Sending anything to distros is _always_ a courtesy. That part is very clear. Nobody is ever forced to send anything to the distros list. Some projects do, some don't; some security researchers do and others don't. The advance notification is extremely useful to the people working on a distribution, it allows for better testing, release planning, and prevents people from having to work unexpected extra hours. But let's be clear: it's both a courtesy to the people making a distribution as well as to the users of those distributions.

In a way, yes, it's perfectly fine to cross-post both to the distros list and to social media. What doesn't make sense is to publicly announce a security vulnerability and then at the same time expect the distros to hold off on shipping the fix.

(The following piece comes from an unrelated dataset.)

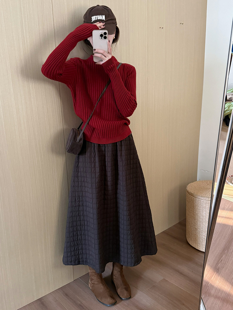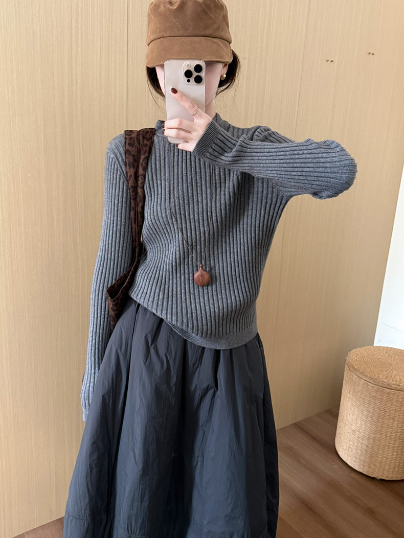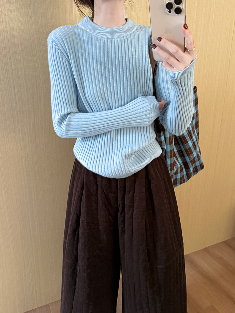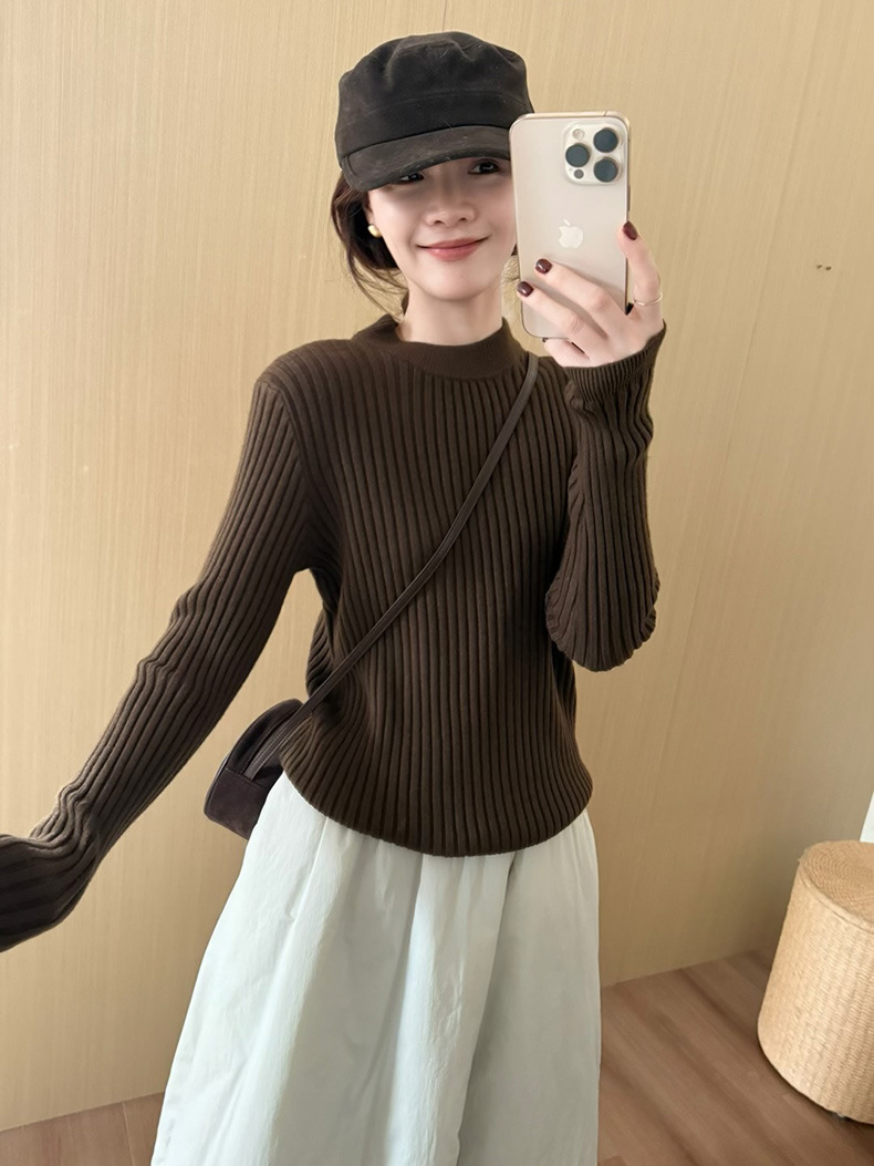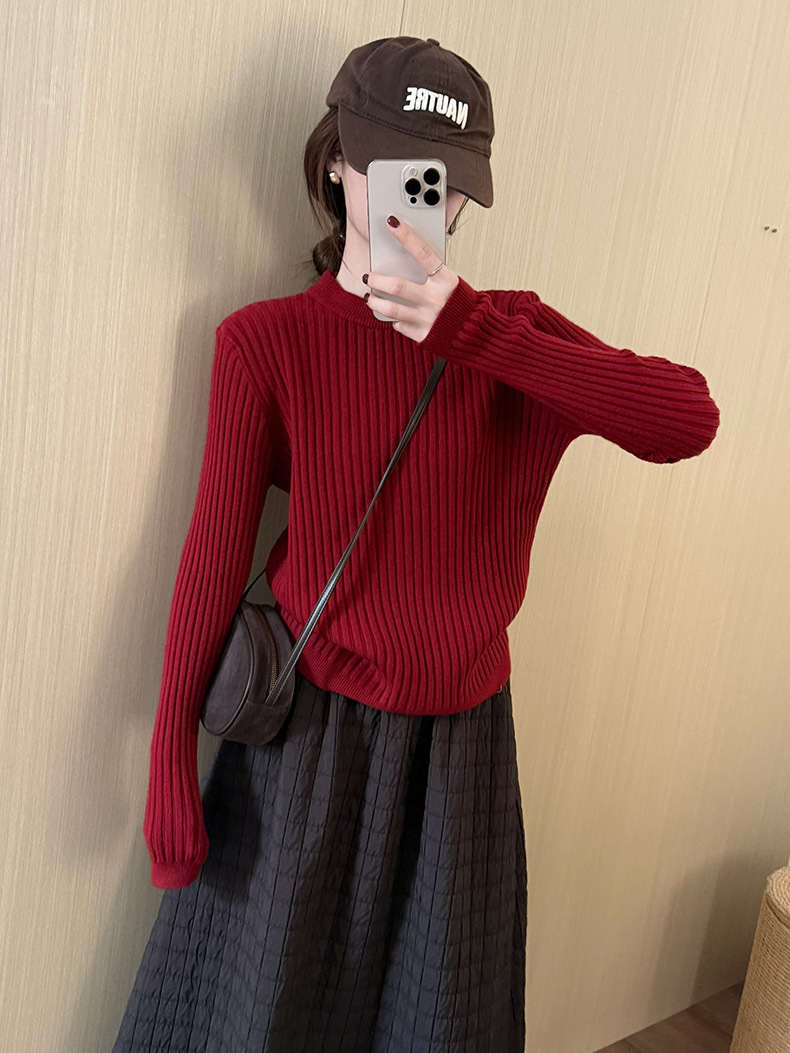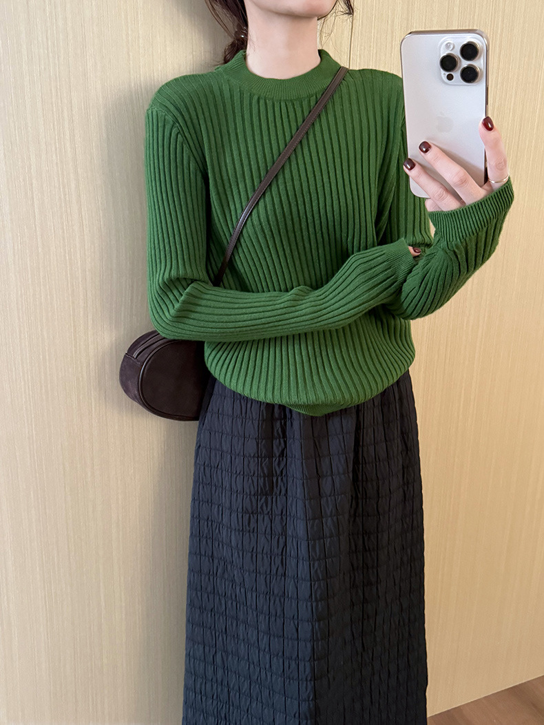 秋冬别致坑条圆领修身内搭长袖针织打底衫女简约显瘦百搭毛衣上衣

The current distros list policy is there to set clear expectations for when an issue is considered public and can be disclosed (and when patches can be released); it establishes a protocol between reporter and receivers. In a way, the policy is there to prevent exactly this kind of issue where some parties are allowed to publish while others are not. (Sure, there are other concerns too, like ensuring that all issues will be disclosed within a given time frame -- this is a guarantee to non-members of the list and the community at large that distros will not keep things unfixed for too long.)

In the end, if you don't agree with the stated policy, then yes, don't send anything to the list. Just keep in mind that it's probably worse for everybody, and most notably the end users.

Stenberg: Pre-notification dilemmas

Posted Mar 30, 2023 21:53 UTC (Thu) by flussence (guest, #85566) [Link]

> Solar approached this whole thing in an open and friendly way, while Stenberg's responses were curt if not downright hostile.

I'll believe that when I see it. What definition of “open” is being used here?